------ Data provided ------
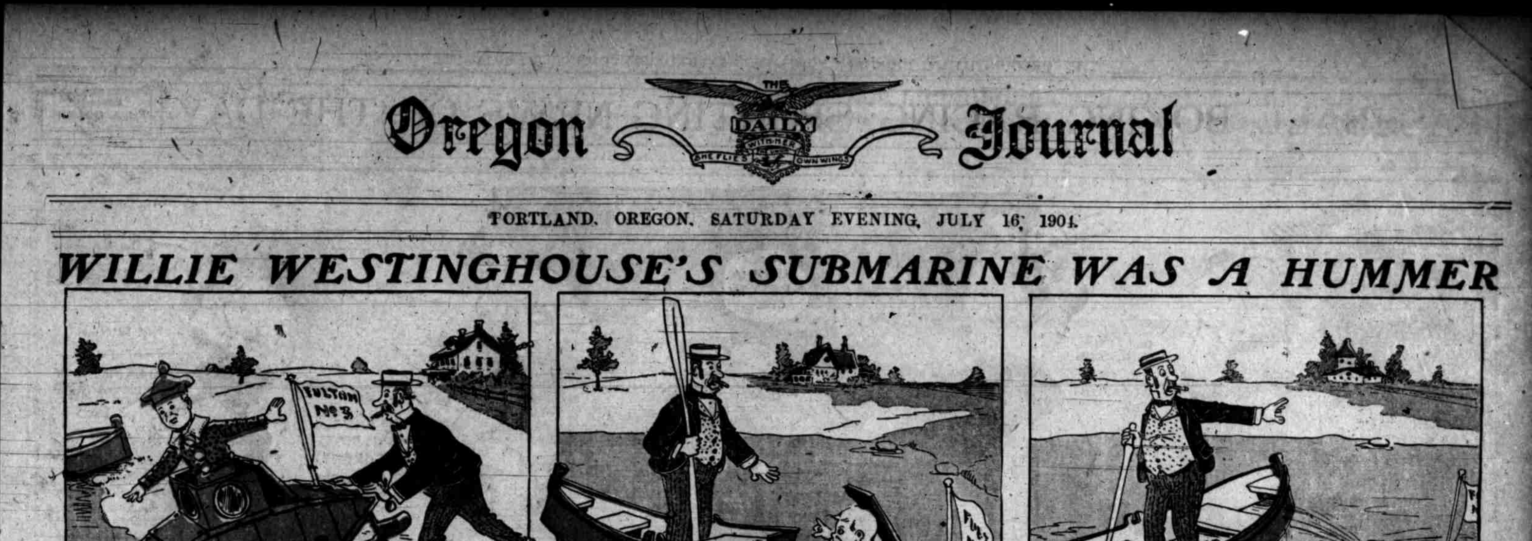
Dear Tommy-I've just built another submarine boat. Papa helped me launch it-
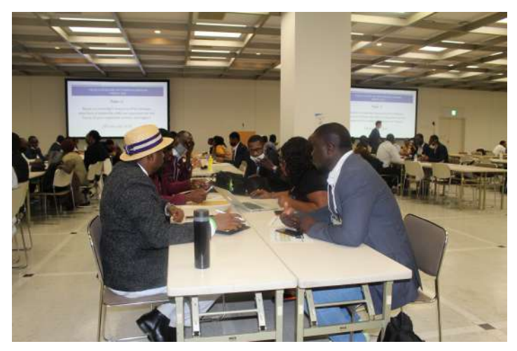
Participants' group discussion sessions.

The next Networking Seminar will be held in December 2023 for those who are scheduled to come to Japan this year.
------
Prompt -
The expected output is the complete listing, word for word, without any picture.

Task result -
Dear Tommy-I've just built another submarine boat. Papa helped me launch it-
Participants' group discussion sessions.

The next Networking Seminar will be held in December 2023 for those who are scheduled to come to Japan this year.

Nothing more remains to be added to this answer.